◆ **Given data**
Segment Open

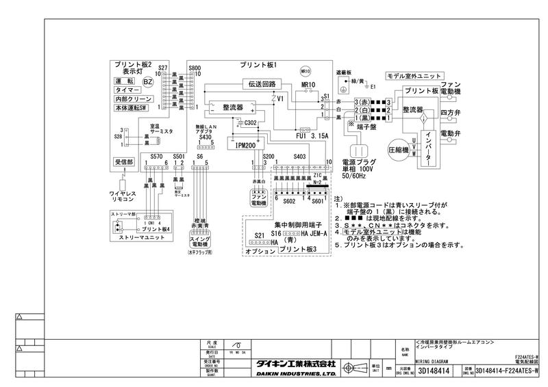 1カ月以上過ぎたある日、「動作実績のあるBRP087A42をS224ATESに付けられれば良いのではないか?」と思いつきます。S224ATESのR224AES室内機の電気配線図を見てみると、オプションのプリント板3を付ければ、BRP087A42を接続するためのS21端子が増設できそうです。ダイキンは、こういう電気配線図もしっかり公開しているのが良いですね。
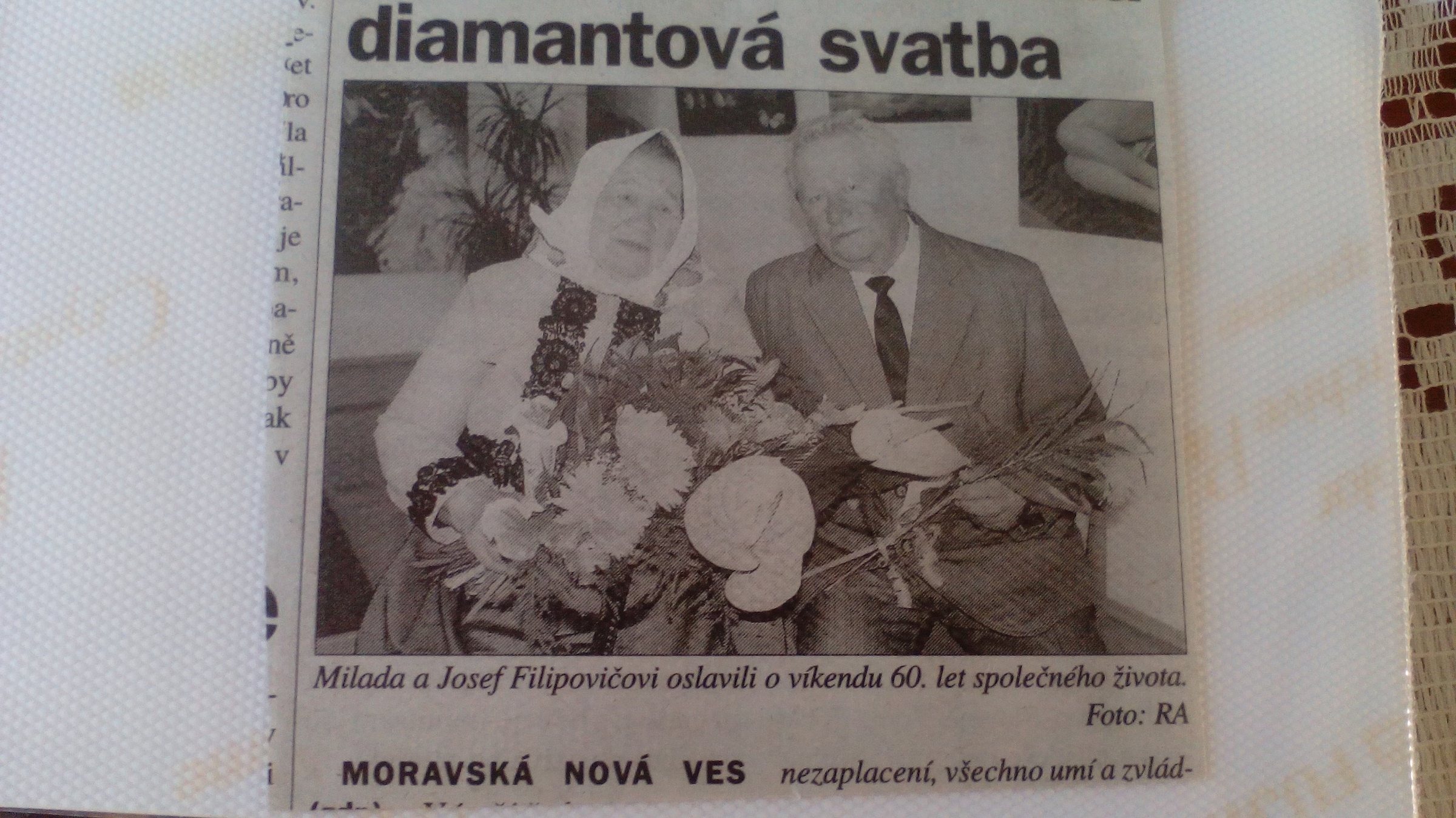 „No jaká tady byla atmosféra? Teď se před děckama říká všechno, tenkrát se neříkalo nic, to bylo takové tajemné... ale já vím, že když jsem se dostala sem, tak manželův otec byl za okupace starostou a pár lidí, kteří neplnili dodávky, tak Němci si na ně posvítili a udělali u nich kontrolu a běda, kdyby u nich našli na černo slepici nebo prase, a když došla kontrola, tak starosta se na ně podíval a taky na policajta a policajt pak jezdil po vesnici a varoval lidi, a když sem došlo gestapo, tak se starosty zeptali, kolik je tady komunistů, a on na to, že tady není žádný komunista, a oni na něj, jestli za to ručí hlavou, a on, že ano... a komunistů tady bylo strašně moc, ale to byli dobří lidé.“
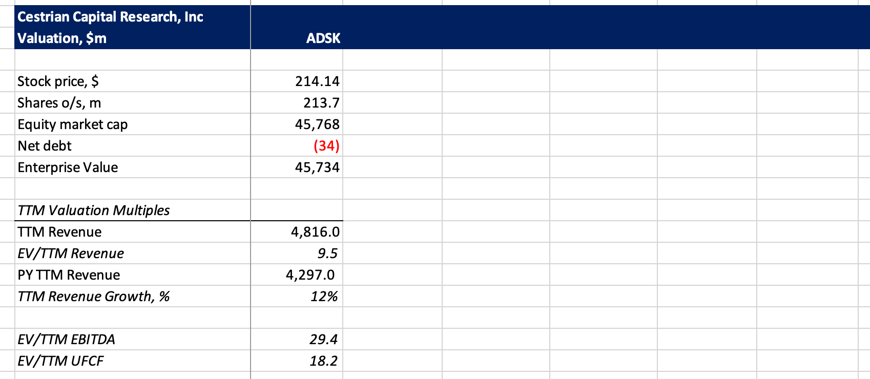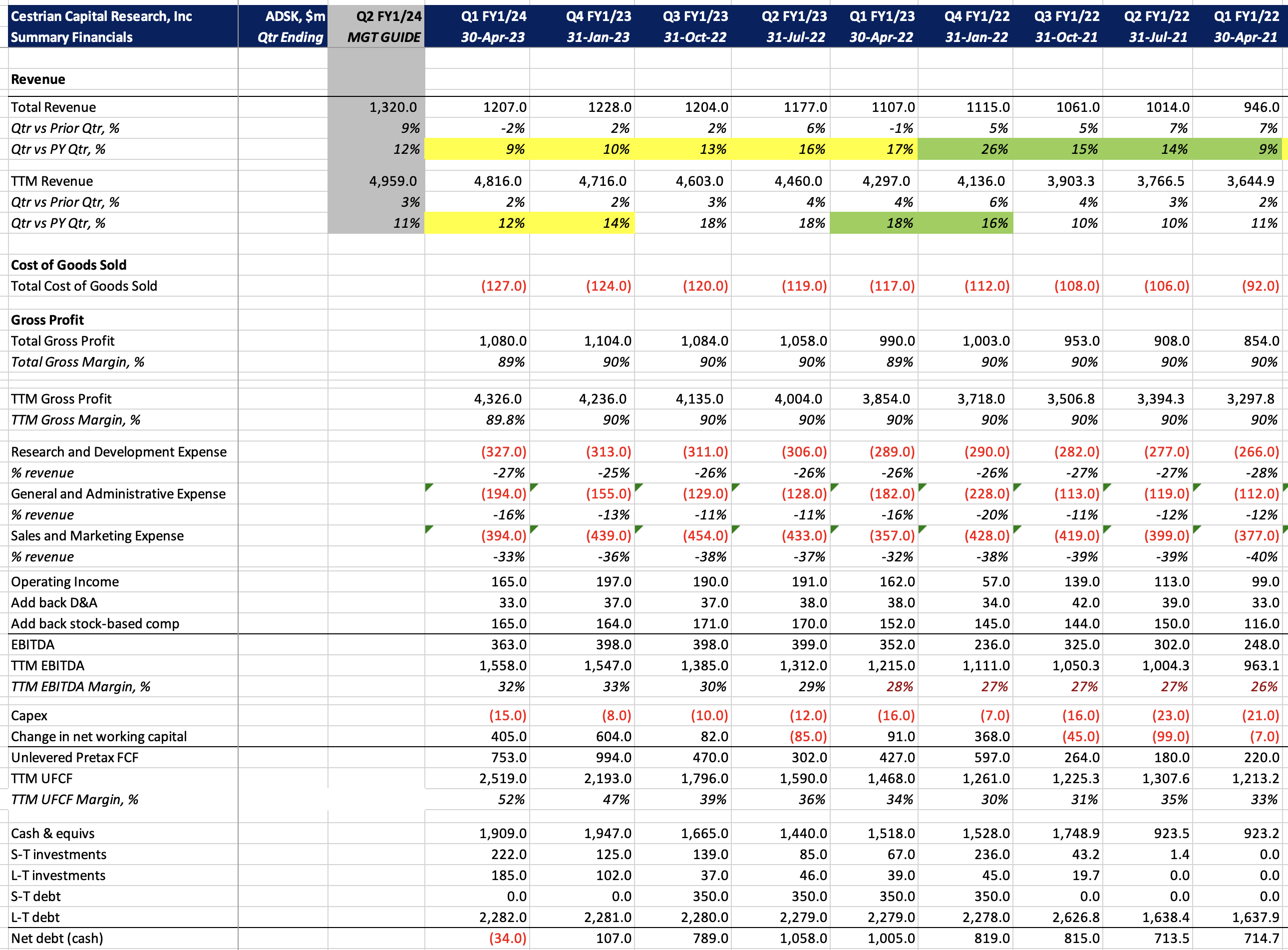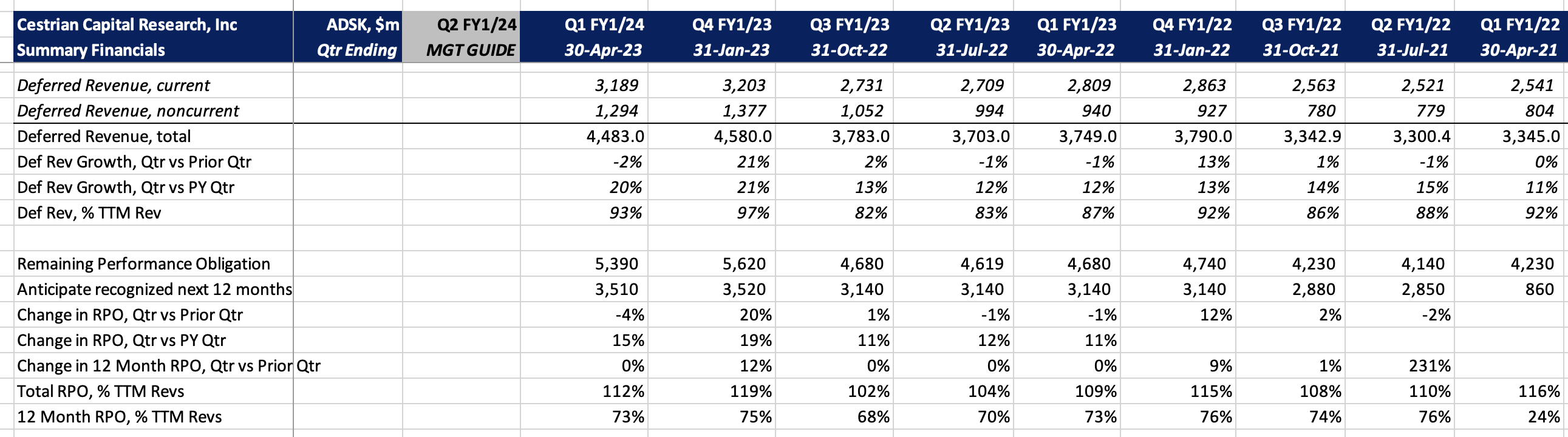 Remaining Performance Obligation - that's the total forward order book - sits at 1.1x TTM revenue, and it's growing at 15% pa, faster than is recognized revenue. So whilst we cannot make a direct, linear read-across, we can say that RPO growth is faster then TTM revenue growth = meaning that it's unlikely ADSK misses a revenue number in any meaningful way in the next 1-2 quarters.
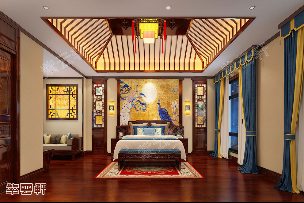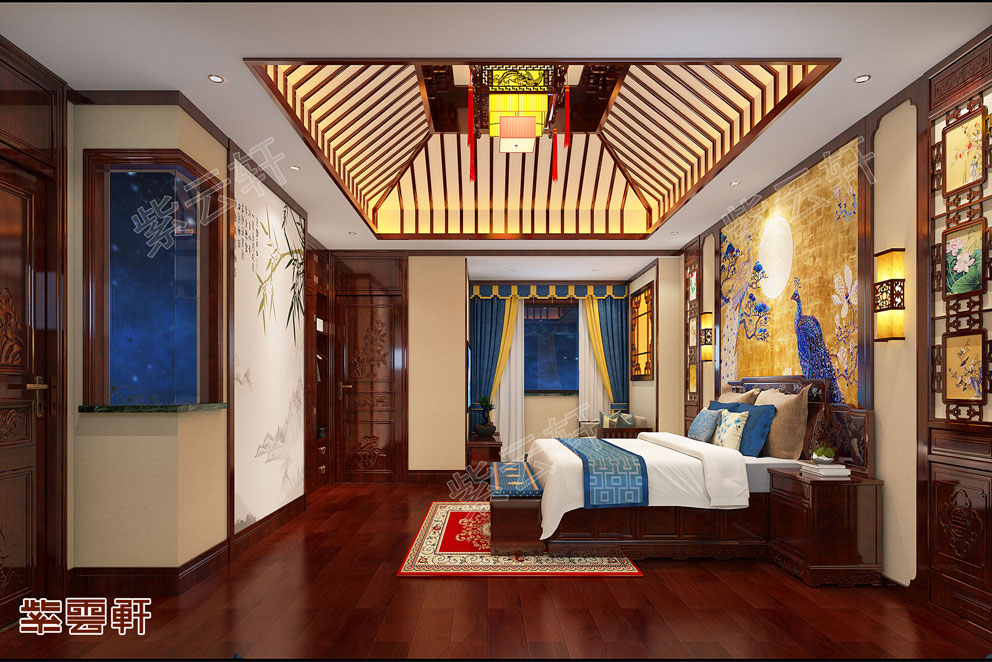 主卧,布置一张实木大床,睡着特别舒服。旁边有独立的阳台,空间看起来宽一些,也增加室内采光。顶面的红木木格藻井非常亮眼,颜值非常高,看着心情都很舒适,整个卧室都是铺的原木地板,中式别墅设计装修以原木色贯穿整个空间,真心喜欢这样的效果。

Segment Closed

Output all the data, exactly, without images.

◆ **The completed task**
 1カ月以上過ぎたある日、「動作実績のあるBRP087A42をS224ATESに付けられれば良いのではないか?」と思いつきます。S224ATESのR224AES室内機の電気配線図を見てみると、オプションのプリント板3を付ければ、BRP087A42を接続するためのS21端子が増設できそうです。ダイキンは、こういう電気配線図もしっかり公開しているのが良いですね。
 „No jaká tady byla atmosféra? Teď se před děckama říká všechno, tenkrát se neříkalo nic, to bylo takové tajemné... ale já vím, že když jsem se dostala sem, tak manželův otec byl za okupace starostou a pár lidí, kteří neplnili dodávky, tak Němci si na ně posvítili a udělali u nich kontrolu a běda, kdyby u nich našli na černo slepici nebo prase, a když došla kontrola, tak starosta se na ně podíval a taky na policajta a policajt pak jezdil po vesnici a varoval lidi, a když sem došlo gestapo, tak se starosty zeptali, kolik je tady komunistů, a on na to, že tady není žádný komunista, a oni na něj, jestli za to ručí hlavou, a on, že ano... a komunistů tady bylo strašně moc, ale to byli dobří lidé.“
 Remaining Performance Obligation - that's the total forward order book - sits at 1.1x TTM revenue, and it's growing at 15% pa, faster than is recognized revenue. So whilst we cannot make a direct, linear read-across, we can say that RPO growth is faster then TTM revenue growth = meaning that it's unlikely ADSK misses a revenue number in any meaningful way in the next 1-2 quarters.
 主卧,布置一张实木大床,睡着特别舒服。旁边有独立的阳台,空间看起来宽一些,也增加室内采光。顶面的红木木格藻井非常亮眼,颜值非常高,看着心情都很舒适,整个卧室都是铺的原木地板,中式别墅设计装修以原木色贯穿整个空间,真心喜欢这样的效果。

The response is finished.